Can someone tell me the difference between the new Dish 922 and 722-S DVR? I plan on coming home to Dish and want to get the best DVR. I would like to know a list of differences between the two or maybe there is a site I could go to that would explain the differences.....Thanks, Mark.


----------



## Brandon428

The 922 will have
Bigger HDD
SlingBox Built-in
Completely new GUI
Full internet browser
Overall way better than the 722 with all its new features IMHO.

The 922 won't be coming out for a while though. The 722 is great. I currently have one and couldn't be happier. If your switching to Dish now get a 722 and when the 922 comes out upgrade.


----------



## RickDee

I don't believe I heard of a 722-S. There is a 722k coming out with an OTA module that gives you 2 OTA tuners. Is that what you're thinking about?


----------



## dish_n3t

RickDee said:


> I don't believe I heard of a 722-S. There is a 722k coming out with an OTA module that gives you 2 OTA tuners. Is that what you're thinking about?

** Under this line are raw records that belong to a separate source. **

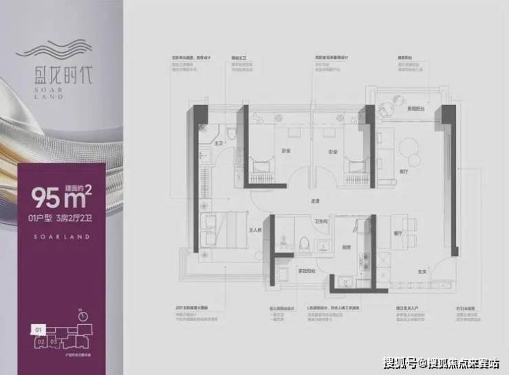 【户型面积】约99㎡3+1房2卫/95㎡3房2卫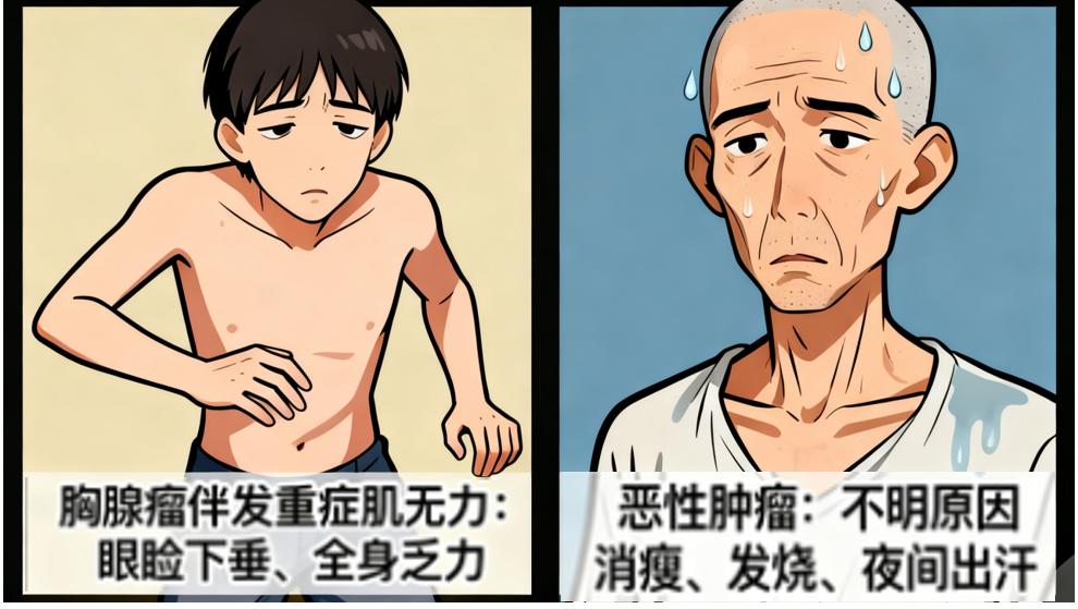 5.带着“特殊技能”:有些叫“胸腺瘤”的肿瘤,会让人眼皮抬不起来、浑身没劲儿,连走路都没力气(伴发了重症肌无力)。如果是不好的肿瘤,还会让人没缘由地瘦下来、老发烧、夜里睡觉一身大汗。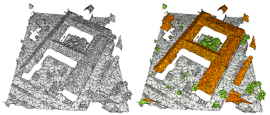 fig__Classification_mesh_fig Example of mesh classification (left: input, right: output). Ground is grey, roofs are orange, vegetation is green.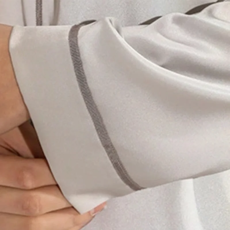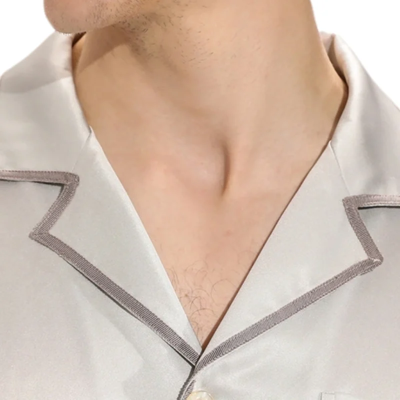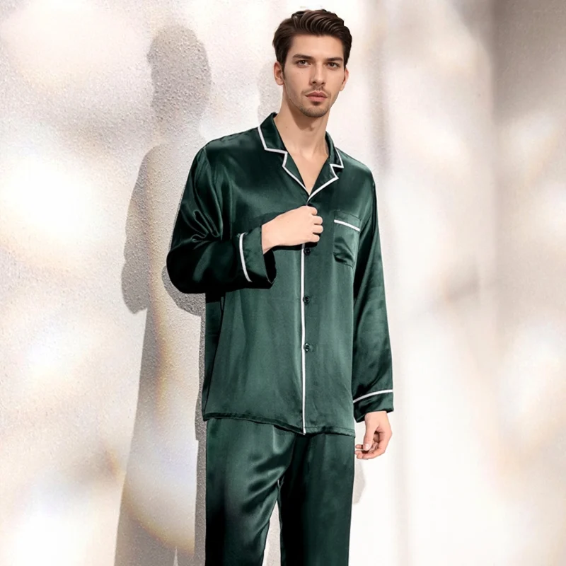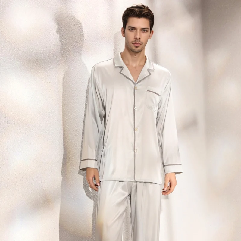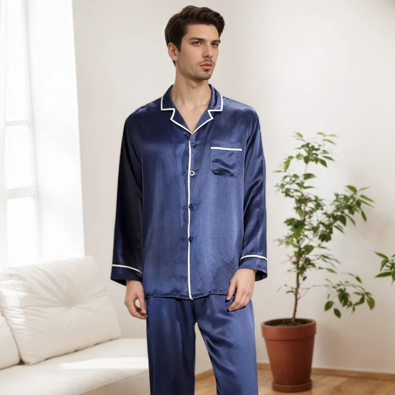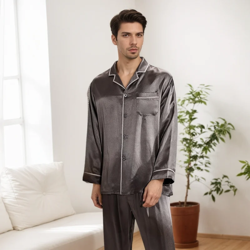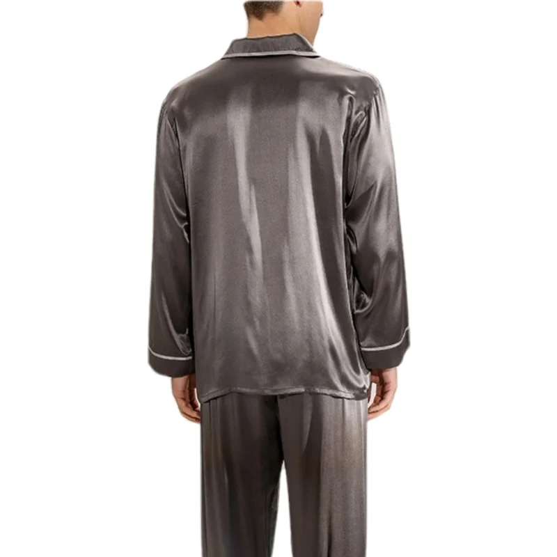 This men’s 100% mulberry silk pajama set, 19 Momme, perfect for loungewear. Features a crisp spread collar with distinct topstitching, long sleeves, full-length pants, and a front button placket. Available in 6 colors, the silk feels luxuriously smooth, offering breathable comfort. A blend of style and functionality, ideal for relaxed evenings at home.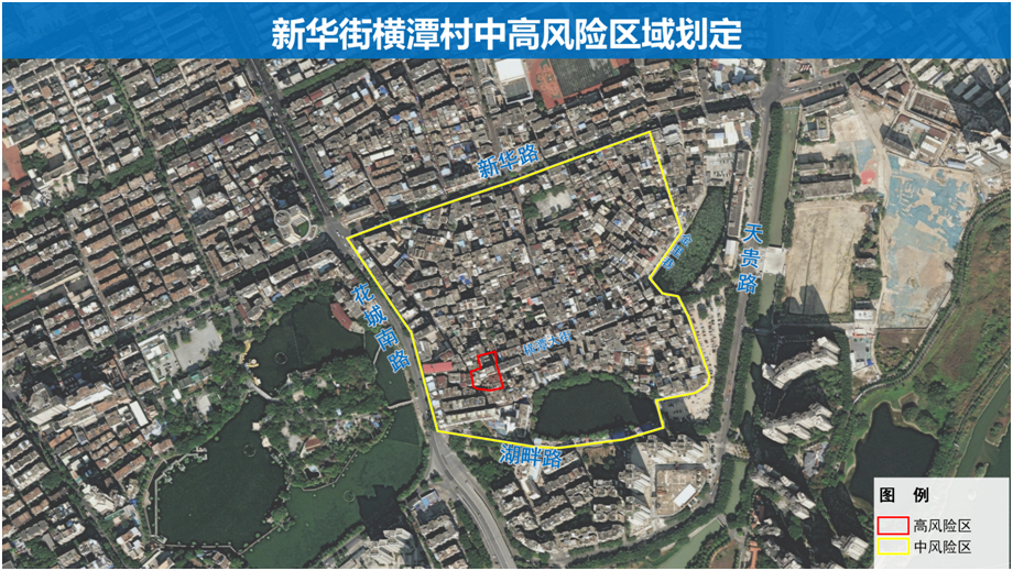新华街新华路以南,湖畔路以北,花城南路以东,横潭公园、金里巷以西区域(高风险区除外),落实“人不出区、错峰取物”管控措施。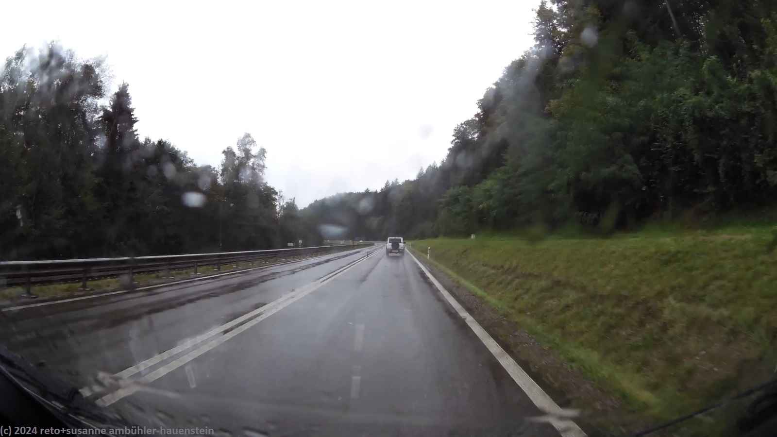 kraeftiger regen auf der A4 kurz vor schaffhausen autobahnkreuz winterthur nord im verlauf der A4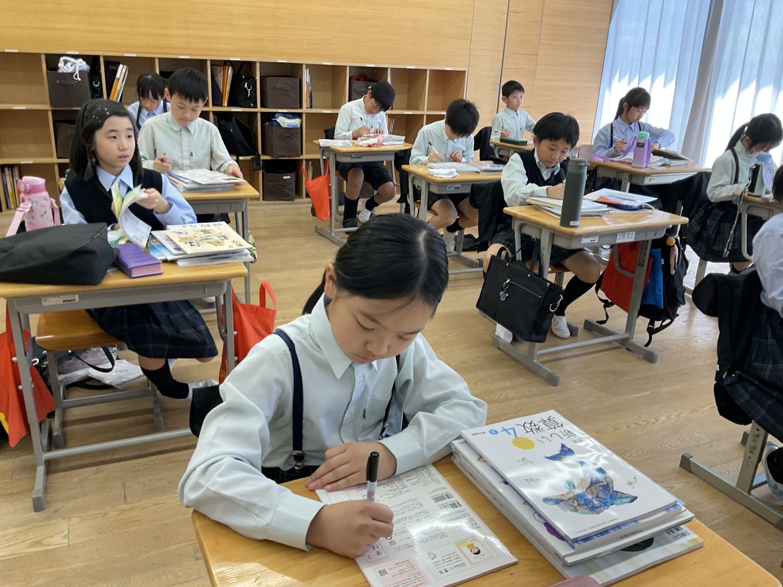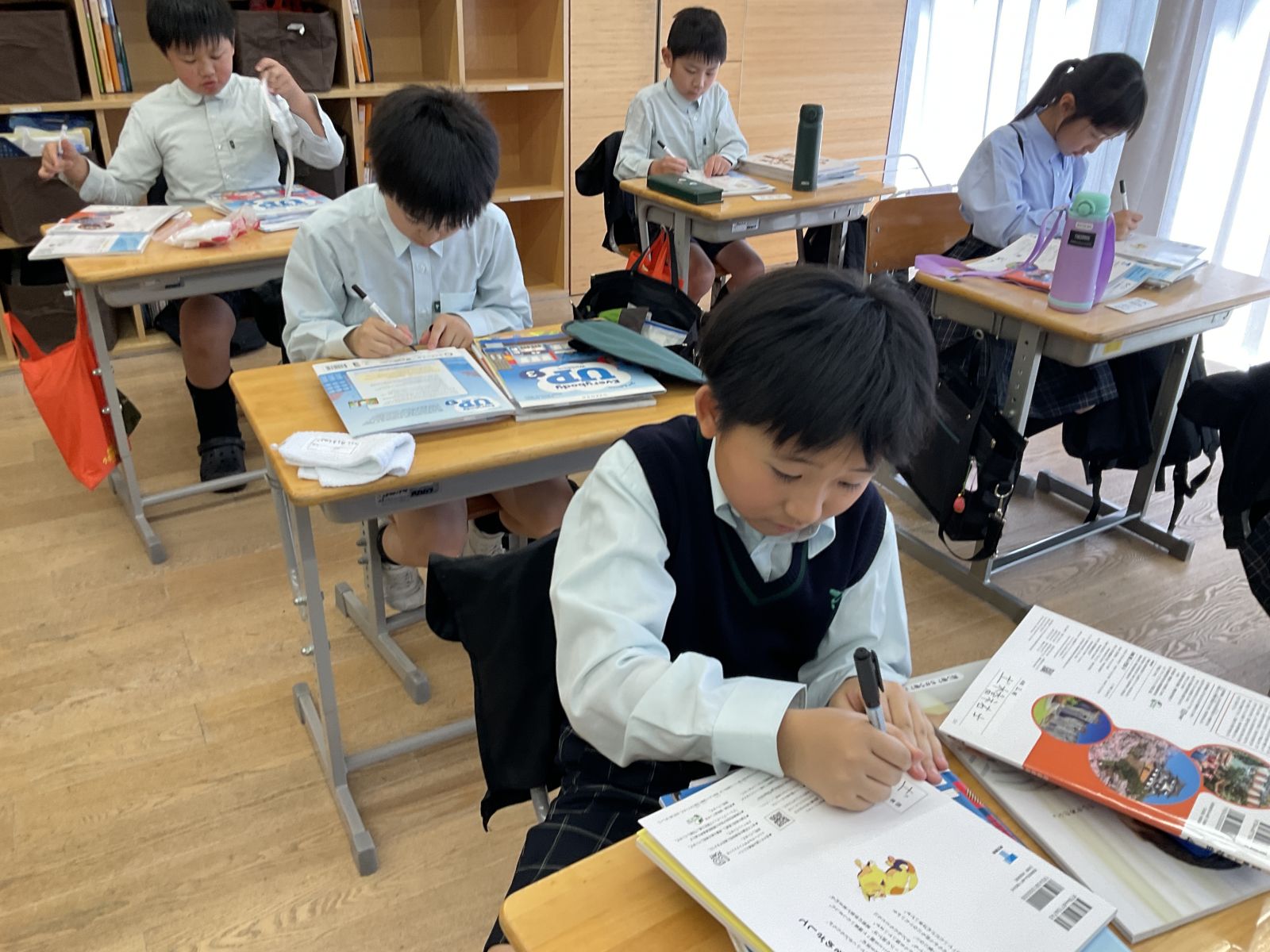 最後にクラスでの約束事を確認し、新しい教科書に丁寧に名前を書きました。

There is not a 722-S. Yes, there is a 722K with an OTA module


----------



## dish_n3t

man215 said:


> Can someone tell me the difference between the new Dish 922 and 722-S DVR? I plan on coming home to Dish and want to get the best DVR. I would like to know a list of differences between the two or maybe there is a site I could go to that would explain the differences.....Thanks, Mark.


922 is not gonna be out soon but its like a portable DVR. Its got a tuner, monitor, sling box and all the stuff.


----------



## Brandon428

The 922 doesn't have a monitor and its to big to me to call it portable.


----------



## dish_n3t

Brandon428 said:


> The 922 doesn't have a monitor and its to big to me to call it portable.


I'm really sorry. To err is human, isnt it? I got confused with a Dtv receiver.


----------



## Brandon428

No big deal. I just didn't want man215 to get confused. Don't worry about it though I make mistakes all the time.


----------



## BobaBird

"722s" was an early concept name for the receiver now known as the ViP922. It is based on the ViP722k.


----------



## man215

Yes, That is the one.


----------



## RickDee

man215 said:


> Can someone tell me the difference between the new Dish 922 and 722-S DVR?


If the 722S was the early concept for the 922, then how is anyone supposed to elaborate on the differences since neither are actually in anyone's hands for comparison?


----------